Articles it links to

From the second article “As Microsoft attempts to buoy its reputation as an AI leader in climate innovation, the company is also selling its AI to fossil-fuel companies… the tech giant has sought to market the technology to companies such as ExxonMobil and Chevron as a powerful tool for finding and developing new oil and gas reserves and maximizing their production—all while publicly committing to dramatically reduce emissions.”

Continuing “Microsoft has continued to seek business from the fossil-fuel industry; documents related to its overall pitch strategy show that it has sought energy-industry business in part by marketing the abilities to optimize and automate drilling and to maximize oil and gas production. Over the past year, it has leaned into the generative-AI rush in an effort to clinch more deals—each of which can be worth more than hundreds of millions of dollars. Microsoft employees have noted that the oil and gas industries could represent a market opportunity of $35 billion to $75 billion annually, according to documents I viewed.”

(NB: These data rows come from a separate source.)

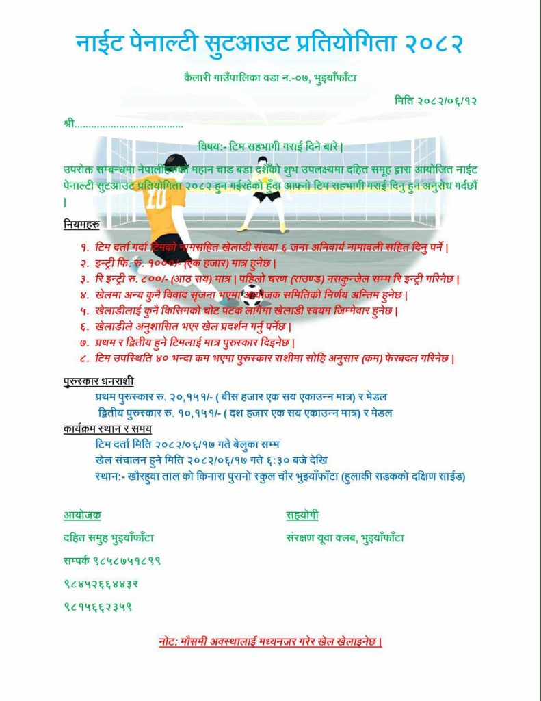 हसुलिया, १२ असोज । दसैँको अवसरमा कैलारी गाउँपालिका वडा नम्बर ७ भुँइयाफाँटामा नाइट पेनाल्टी सुटआउट प्रतियोगिता २०८२ हुने भएको छ ।
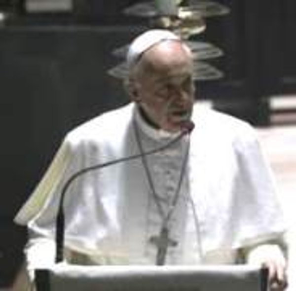 Va bene; vi ringrazio per questa vicinanza. Mi dispiace che siate ingabbiati, però vi dico una cosa. Io, ogni tanto, lo sperimento: che brutta cosa è essere ingabbiati. Ve lo confesso di cuore, ma vediamo… Vi capisco. Mi sarebbe piaciuto esservi più vicino, ma comprendo che, per ragioni di sicurezza, non si può. Grazie per essere venuti, grazie per pregare per me; ve lo chiedo di cuore, ne ho bisogno. Ho bisogno delle vostre preghiere, ne ho tanto bisogno. Grazie per questo. Ebbene, vi voglio dare la Benedizione e dopo benediremo l’immagine della Vergine che percorrerà tutta la Repubblica… e la croce di San Francesco, che viaggeranno missionariamente. Ma non dimenticate: fatevi sentire; abbiate cura dei due estremi della vita, i due estremi della storia dei popoli, che sono gli anziani e i giovani; e non frullate la fede. E adesso preghiamo, per benedire l’immagine della Vergine e darvi poi la Benedizione.
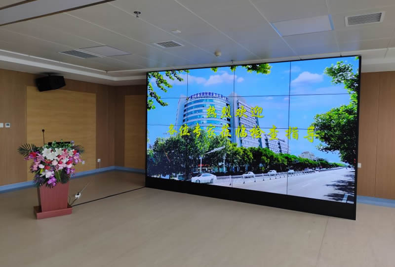 潍坊医学院眼科中心这套大屏采用4x4拼接、55寸3.5mm液晶拼接屏,用于会议信息显示。
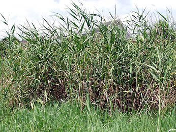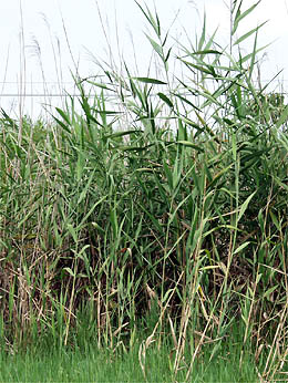 アシということもあります.とても背が高くなる植物で,池によってはとてもたくさん生えていることがあります.この池ではまわりの浅いところにそって,一周全部に見られます.
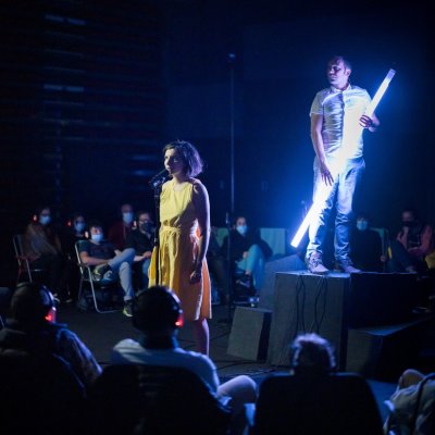 Le désir de développer nos expérimentations et de les partager avec des spectateurs-auditeurs en temps réel a abouti à un spectacle mettant en scène l’action de ces nouvelles au cœur d’un dispositif radiophonique à vue, pour une expérience immersive conjuguant théâtre et création sonore. Chroniques martiennes rejoue ainsi, au plus proche des spectateurs, l’épopée martienne de Ray Bradbury, dans une création abordant de façon ludique et réflexive quelques-uns de motifs les plus emblématiques de la science-fiction.
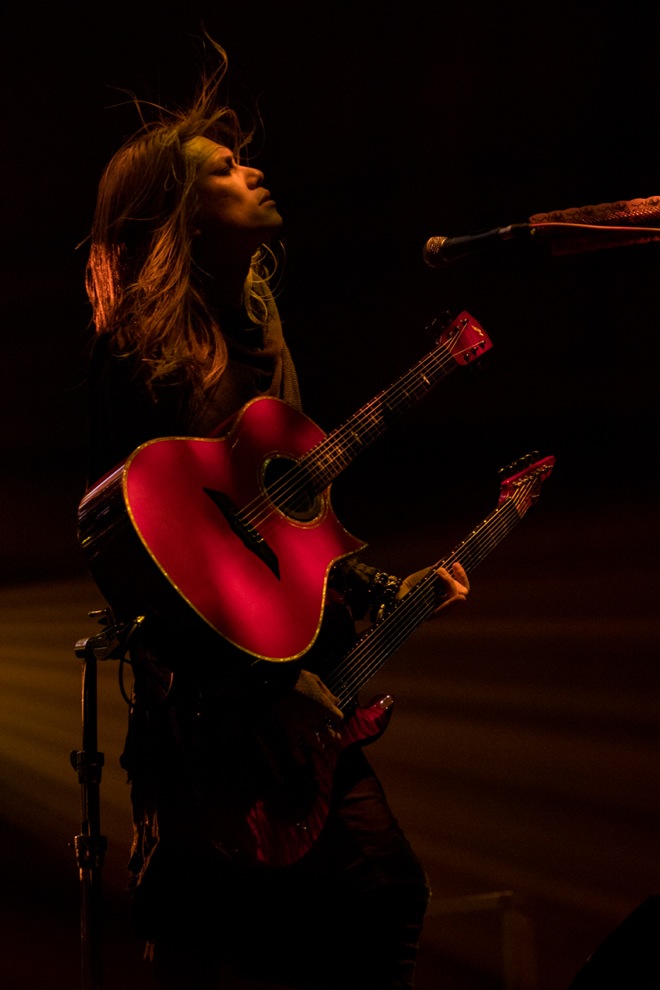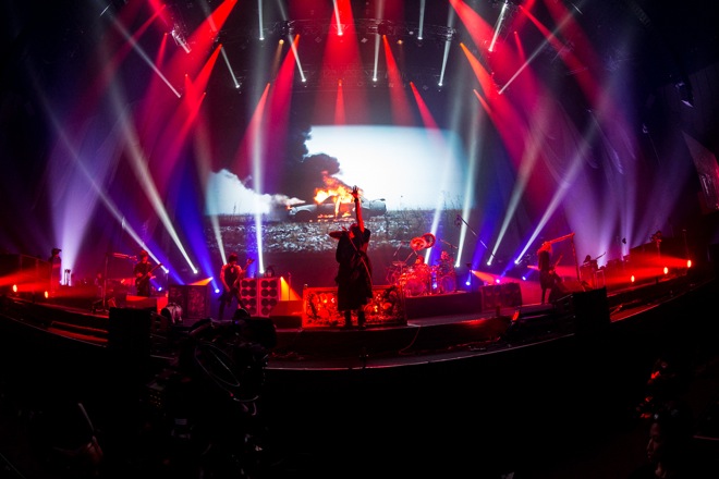 観衆の興味は1曲目に何が演奏されるかに集中していたはずだが、そこでまず炸裂したのは、「Revelation of mankind」。現時点での最新オリジナル・アルバムにあたる『ARCHE』(2014年)からのセレクトだ。激しくも終末感の漂うこの殺伐チューンは、現在のこのバンドを象徴する楽曲のひとつ。同時にそれは、かつてのDIR EN GREYしか知らない人たちにとっては未知の楽曲ということになるだろうし、即座にすべての観客をひとつに束ね得るものではない。が、そうした曲を最初に披露したところに、無言のメッセージが込められているように僕には思えた。敢えて言うなら“これはノスタルジックな想いに浸るための場ではない”というような。
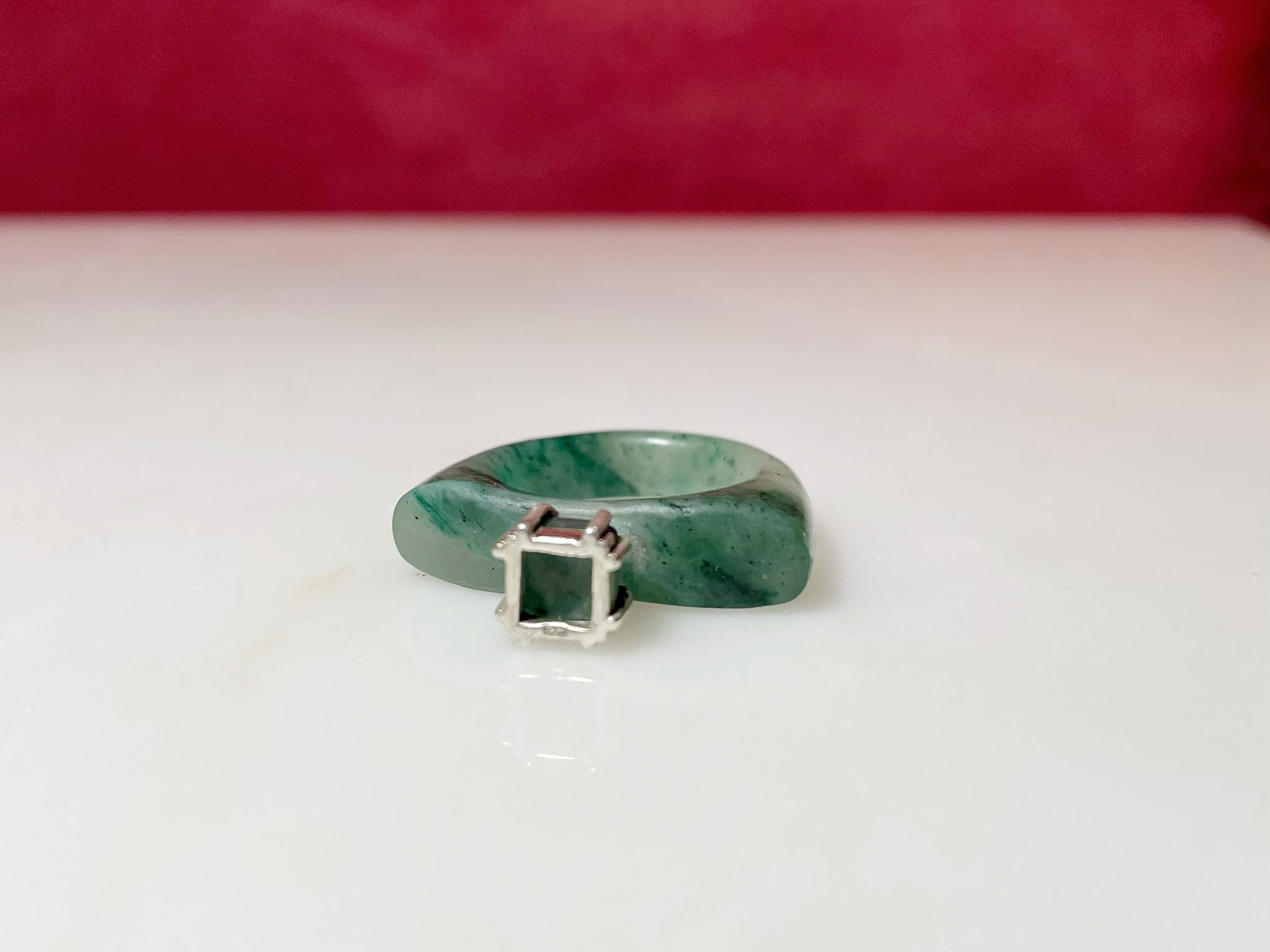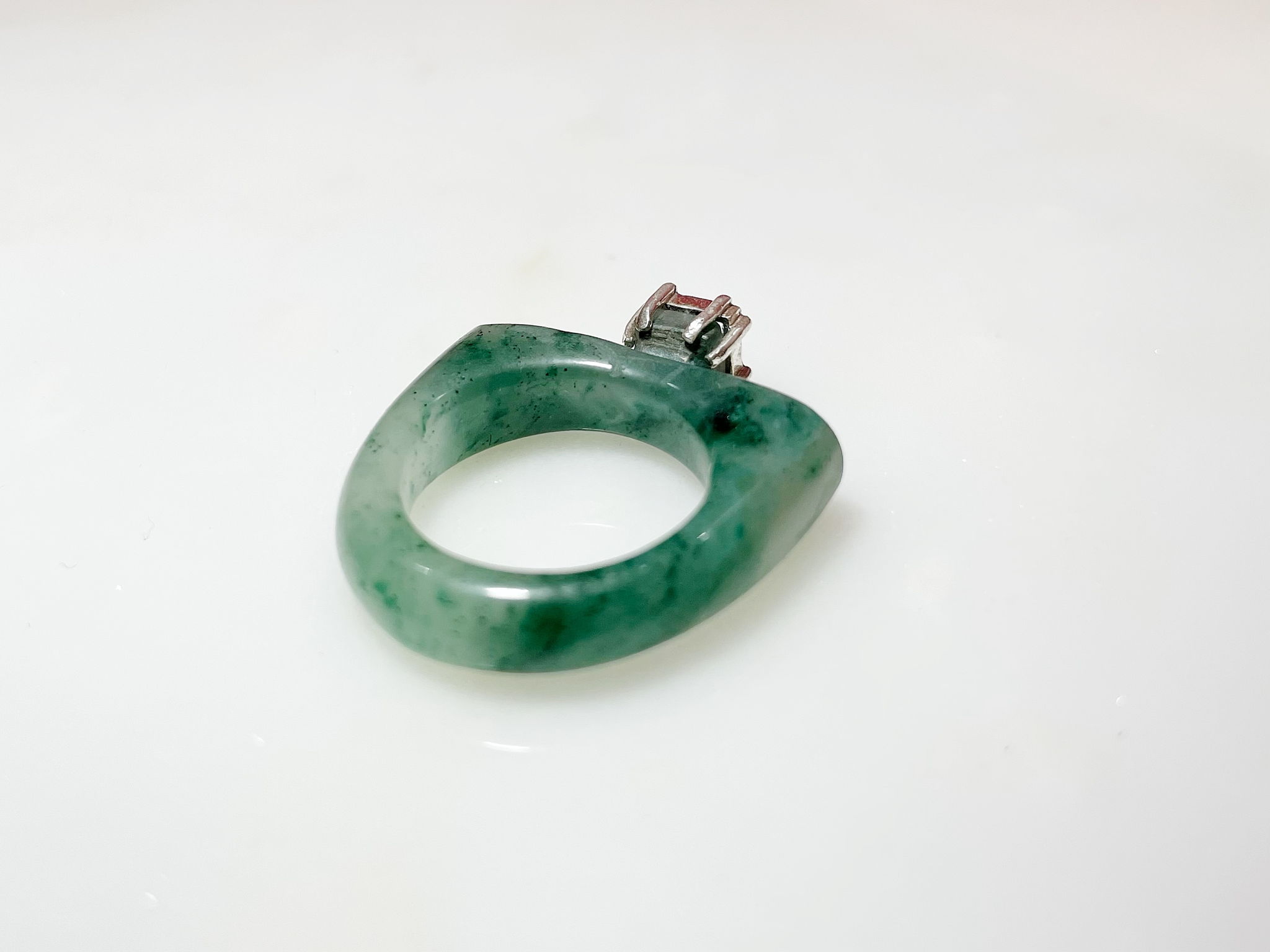 翡翠を指輪の形に彫刻しシルバーを留めています。
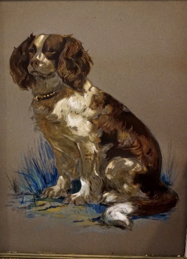 Signed lower left date 1905 scene:  portrait of a King Charles Spaniel
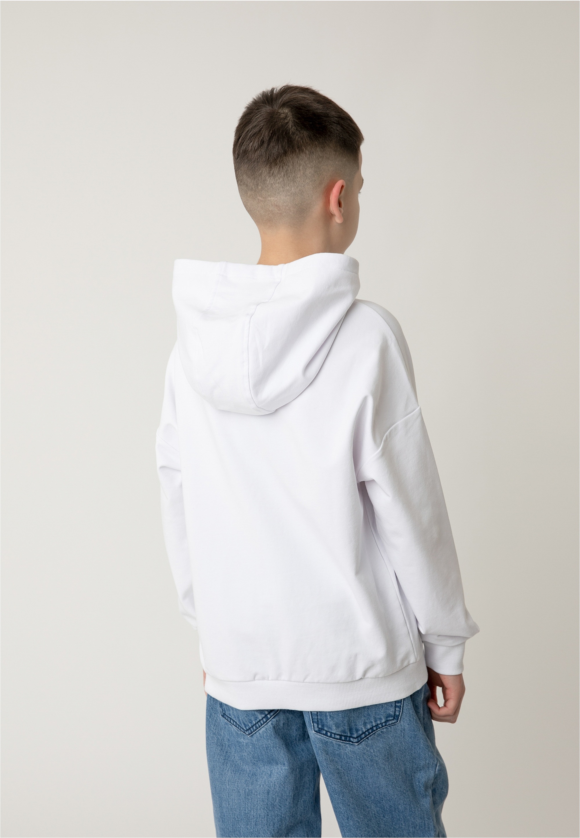 Ein weißes Kapuzensweatshirt unterstreicht den modischen Rapper-Stil eines Jungen im Teenageralter. Die aktuelle übergroße Silhouette, stilvolle Fotodruck, Schriftelemente sowie ein Kontrast Patch machen das Modell außergewöhnlich und reflektiert die helle Persönlichkeit des Jungen., Material: Materialzusammensetzung: 95% Baumwolle, 5% Elasthan, Materialeigenschaften: atmungsaktiv, nicht elastisch, pflegeleicht, Pflegehinweise: Maschinenwäsche, Optik/Stil: Optik: bedruckt, mehrfarbig, Farbe: Farbbezeichnung: weiß-mehrfarbig, Details: Verschluss: Kordel, Besondere Merkmale: mit stylischem Frontprint, Passform/Schnitt: Ausschnitt: ohne Ausschnitt, Ärmellänge: Langarm, Schnittform Länge: normal

Everyone gets that they need water for cooling, “They will be cooled by millions upon millions of gallons of water.” Everyone misses that they will heat all that water. As Tom Murphy showed in his Nature piece that I linked to in Limits to economic growth: A peer-reviewed paper by podcast guest Tom Murphy, heat generated by industry will match heat retained by the greenhouse effect with a couple human lifetimes.

More: “Microsoft has failed to reduce its annual emissions each year since then. Its latest environmental report, released this May, shows a 29 percent increase in emissions since 2020—a change that has been driven in no small part by recent AI development.”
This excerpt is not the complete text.